A wedding party outside a cottage in Coromandel Valley, about 1910.
Image courtesy State Library of South Australia
At the very start of the province, only Church of England clergy could perform marriages in South Australia. This upset Protestant Dissenters who were anxious that the Church of England would not be the established state church of South Australia.
The founders had wanted to make South Australia the first British colony not to have state support of religion. But, when the South Australia Act went through the British parliament, the House of Lords inserted a “chaplaincy clause” giving the crown the power to power to appoint “Chaplains and Clergymen of the Established Church of England or Scotland within South Australia.”
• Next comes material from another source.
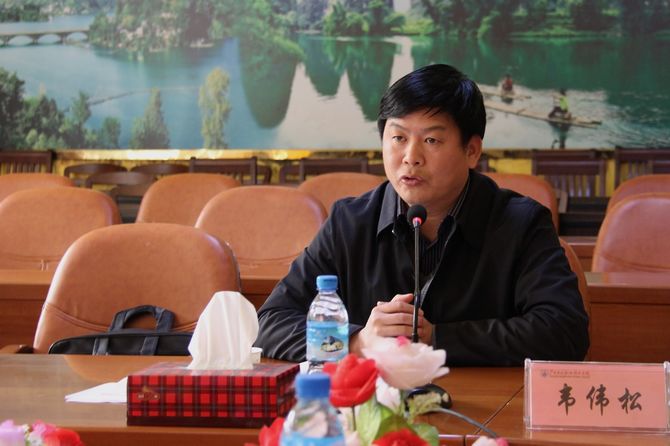 学院党委书记,河池市职教中心党委书记、校长韦伟松作汇报

Only two chaplains were appointed this way and the clause was dropped with the passing of the South Australia Act 1838.
The Dissenters were satisfied when colony’s first Marriage Act 1842 extended authority to perform weddings to other Protestant (Congregational, Baptist, Methodist etc) ministers and to rabbis, who had to seek a licence for each marriage performed. Priests of the Roman Catholic Church got the same right in 1844.
Civil registration was allowed from 1842, and previous marriages were legalised. The scarcity of clergy prompted Marriage Act (1852, 1867) allowing civil marriage.
The Deceased Wife’s Sister Act 1870, permitting a widower to marry his sister-in-law, was an ongoing controversy: the British crown disallowed the four bills passed by the South Australian parliament on this matter from 1857. Marriage for a woman to her deceased husband’s brother was legalised in South Australia in 1925.